CONSEIL CONSTITUTIONNEL : LE REFUGE DORÉ DE L’EXÉCUTIF (Par Mohamed GASSAMA)

27 - Août - 2026

Le moins que l’on puisse dire, c’est que le Conseil constitutionnel constitue désormais un refuge doré pour le Pouvoir exécutif. À chaque fois que ce dernier est en panne d’arguments crédibles et sérieux, il introduit une demande d’asile politique auprès des sept « Sages ». Inutile de le rappeler, le pays fait face à des défis trop importants et urgents pour que la démocratie se réduise à un jeu de cache-cache juridique. Le Gouvernement donne l’impression de ne plus disposer de ressorts solides et fiables pour faire face au Législatif. Ainsi, il ne serait pas exagéré d’affirmer que la saisine du Conseil constitutionnel reflète le symptôme flagrant d’une impuissance voire d’un échec politique. Disons-le, sans ambages, le Gouvernement gagnerait à suivre la direction du vent plutôt que de se lancer dans une bataille de procédure qui ne fera que contribuer à mettre à nu ses propres turpitudes.
En clair, nous assistons à une réelle confiscation de la souveraineté populaire à travers une stratégie de contournement du vote des citoyens. En judiciarisant les conflits politiques,
le Pouvoir exécutif tente de neutraliser l’Assemblée nationale dans l’espoir d’arriver à confisquer le Pouvoir législatif. Cela appelle à une prise de conscience collective. Il ne s’agit point d’un débat de personne mais d’une question de principe.
Solliciter le Conseil constitutionnel pour arbitrer une divergence relative à la frontière entre la Loi et le Règlement, c’est reconnaître, ipso facto, son incapacité à convaincre l’opinion publique. De même, c’est une façon de prouver à la face du monde que l’on a clairement fait son choix. Celui de l’esquive et de l’obstruction. Rien d’autre. Cette posture demeure en déphasage total avec les attentes des populations.

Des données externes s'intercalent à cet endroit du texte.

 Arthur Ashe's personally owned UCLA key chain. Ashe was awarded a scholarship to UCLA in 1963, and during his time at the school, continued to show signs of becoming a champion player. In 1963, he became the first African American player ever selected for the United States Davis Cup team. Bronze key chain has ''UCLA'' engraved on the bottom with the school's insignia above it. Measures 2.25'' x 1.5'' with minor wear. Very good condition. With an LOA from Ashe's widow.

En se dissimulant derrière des stratagèmes et des subterfuges, l’Exécutif montre qu’il n’est pas prêt à respecter ses promesses de campagne ni à engager des réformes consolidantes, notamment, l’encadrement des intarissables Crédits spéciaux qui affluent vers le Palais, la suppression des Fonds dits « politiques » et leur remplacement par des Fonds spéciaux bien tracés et rigoureusement contrôlés par des émissaires assermentés. Partant, qui a une idée précise du nombre de « Caisses noires » dont disposerait le Chef de l’Exécutif ? Personne.

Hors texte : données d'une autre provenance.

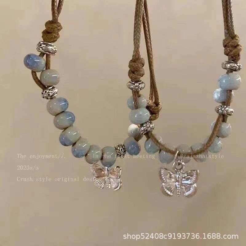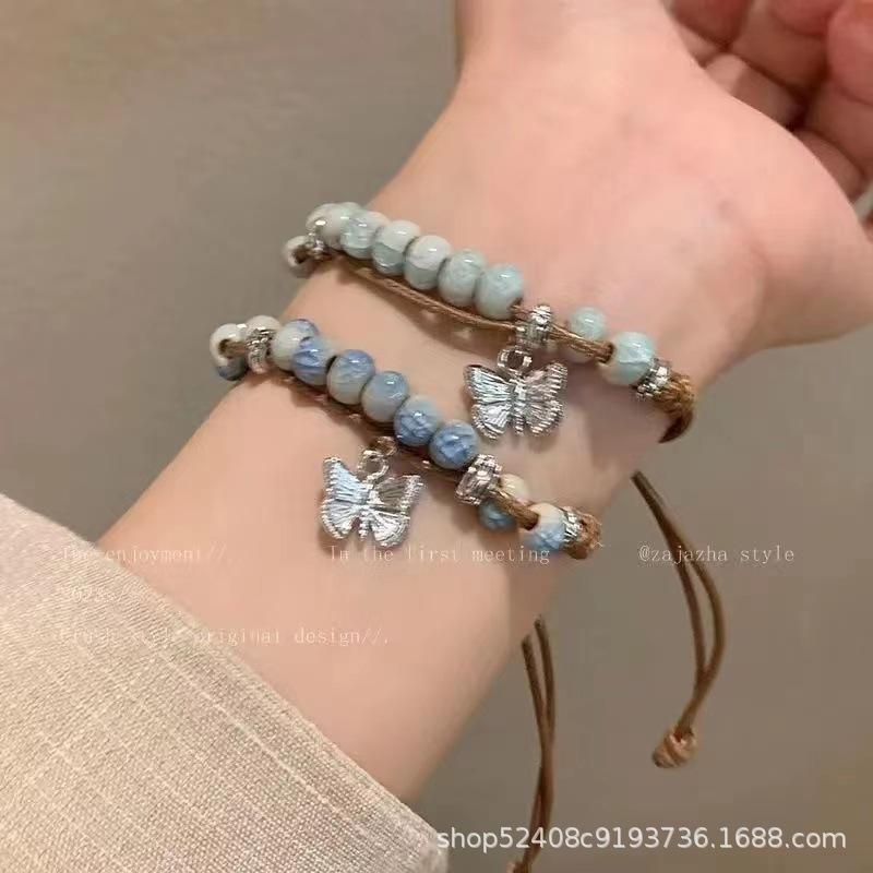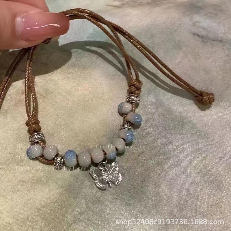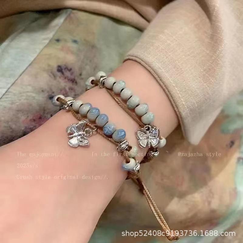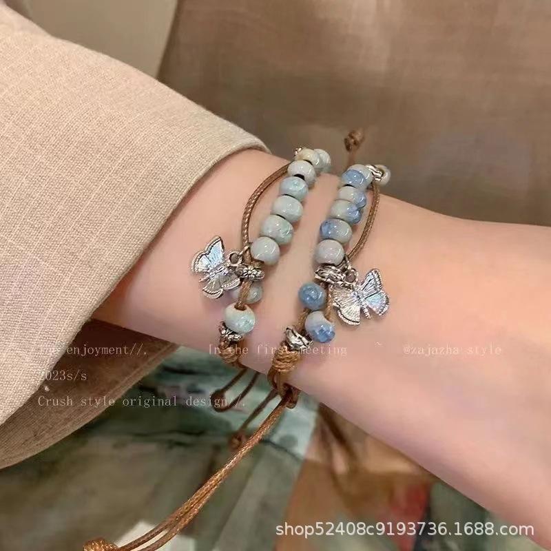 Pulsera de cuentas de cerámica con forma de mariposa de estilo chino para mujer, estilo étnico, estilo retro, moda nacional, verano 2024

En d’autres termes, tous ceux qui militent pour la transparence et la bonne gouvernance devraient se dresser comme un seul homme pour exiger la transformation des « caisses noires » en « caisses blanches ».
Pour ce faire, il existe indubitablement des outils et des mécanismes. Pourquoi ne pas les utiliser pour construire des dynamiques entre les différentes parties ?
Les Institutions sont faites pour dialoguer. Jamais, des initiatives ne sont prises dans ce sens.
Jamais, une solution alternative, visant à trouver un compromis dans l’intérêt supérieur de la Nation, n’est recherchée. Systématiquement, l’on se jette dans des procédures judiciaires.
N’existe-t-il pas des voies plus consensuelles ?
Assurément oui. Alors, l’on ne peut comprendre les motivations de cette propension à vouloir toujours attaquer des Propositions de loi.
Quoiqu’il en soit, le fait de saisir sempiternellement les Juges constitutionnels finira par révéler ses limites. Forcément, les citoyens se poseront des questions sur le bien fondé de la démarche du Chef de l’État. Tôt ou tard, le mystère qui entoure les recours et les amendements du Gouvernement sera dévoilé au grand jour.
La Décision rendue, le mardi 25 juillet 2026, passe ainsi pour une preuve tangible de la volonté de l’Exécutif de ramer à contre courant de la voix du peuple.
In fine, il est temps de rendre aux Députés leur pouvoir d’agir et de légiférer. Ils ont été élus pour cela. À défaut, l’histoire retiendra que le Président Bassirou Diomaye Diakhar FAYE a consacré l’essentiel de son énergie à chercher des moyens politico-judiciaires pour bloquer la marche du peuple vers le changement. Cela va-t-il prospérer ? L’avenir nous le dira. En attendant, les électeurs, qui sont en réalité les vrais arbitres, observent attentivement tout se qui se passe. Mieux, ils ont leur bloc-notes à portée de main.
Tôt ou tard, le jour de vérité arrivera et ils auront l’occasion de s’exprimer librement et de siffler la fin de la récréation.